Importware Sonnenstrom

Obwohl die Globalstrahlung über die letzten Jahre hinweg stark anstieg, bietet Deutschland im internationalen Vergleich nicht die besten klimatischen Voraussetzungen für eine reiche Ernte an Sonnenstrom. Vor diesem Hintergrund gewinnt eine weitere Speichertechnologie auch im Kontext der Energiewende an Bedeutung: Power-to-X. Damit ist die Umwandlung von (grün erzeugtem) Strom in stoffliche Speicher gemeint, also in Wasserstoff oder in synthetische Kraftstoffe. Der Vorteil: Sonnenstrom ließe sich in südlichen Ländern gewinnen, umwandeln und über Pipelines oder Tankschiffe importieren. Die Bundesregierung fördert mit der nationalen Wasserstoffstrategie bereits seit Jahren Ansätze zu Produktion, Transport und Nutzung des Gases. Das Ziel: Deutschland international zu einem Vorreiter bei grünem Wasserstoff zu machen und langfristig die Weltmarktführerschaft bei Wasserstofftechnologien zu erlangen. Jens Kanacher, der beim Energieversorger Innogy das Kompetenzzentrum für Energiesysteme und Speicher bis Mitte März leitete, spricht in diesem Zusammenhang von einer Importwende.

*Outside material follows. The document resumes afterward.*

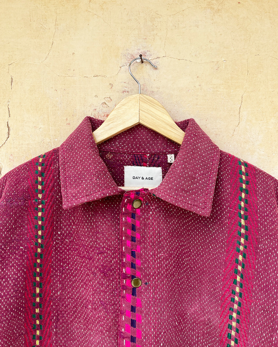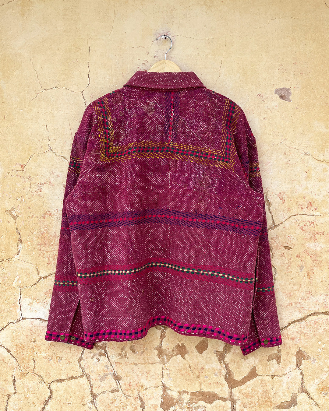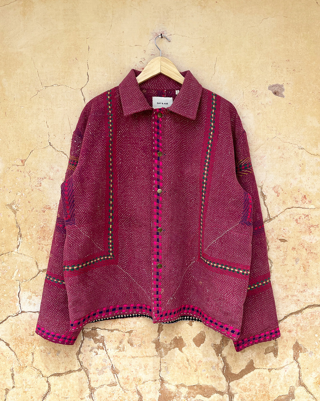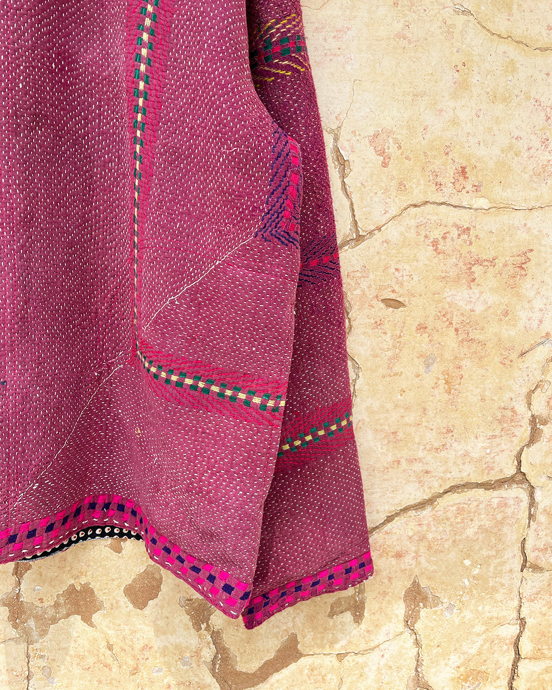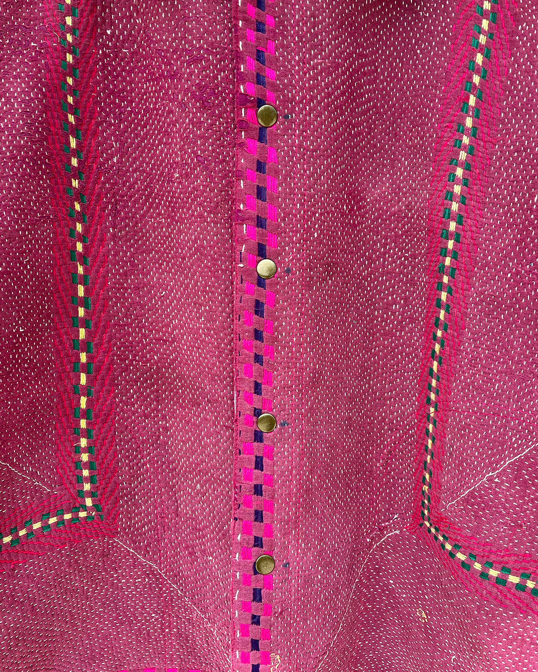 Kantha quilts are crafted from repurposed saris and fabrics and feature repairs, darning, and patchwork. These unique details not only add character but ensure durable, one-of-a-kind garments with a rich up-cycling heritage. We embrace the distressed patches alongside the intricate stitch work in the most unlikely colours.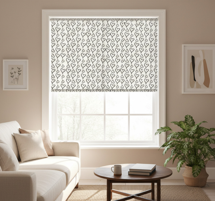 The Modern blind with black illustrated heart icons modern blind is a fantastic choice for anyone looking to elevate their home decor! Its unique design not only beautifies any room but also serves practical purposes, making it a perfect addition to your living space. Imagine transforming your windows with this delightful blind, creating a warm and inviting atmosphere that reflects your personality. With its charming motifs, this roller blind brings joy and style, making it an ideal decorative piece for any room!

Jens Kanacher, bis Mitte März 2020 Leiter des Kompetenzentrums für Energiesysteme und Speicher, beschäftigt sich mit Fragen rund um den Übergang in eine CO2-neutrale, digitalisierte und dezentralisierte Energiewirtschaft.

Hoffnungsträger Flüssigsalz

In diversen Projekten testen Forscher zudem weitere Methoden, um grünen Strom physisch zu speichern. Auch wirtschaftlich interessant könnten Flüssigsalzspeicher sein: Dabei werden große Mengen Flüssigsalz durch überschüssigen Wind- oder Sonnenstrom erhitzt. Das heiße Salz wiederum kann Dampf erzeugen und auf diese Weise eine Kraftwerksturbine antreiben.

Voraussetzung für die Entwicklung neuer Speichertechnologien ist ein verlässlicher politischer Rahmen. Dieser würde, davon sind Experten überzeugt, auch zu weiteren technologischen Innovationen führen, die wie die Energiespeicher von Mercedes-Benz Energy einen wertvollen Beitrag zur Energiewende leisten.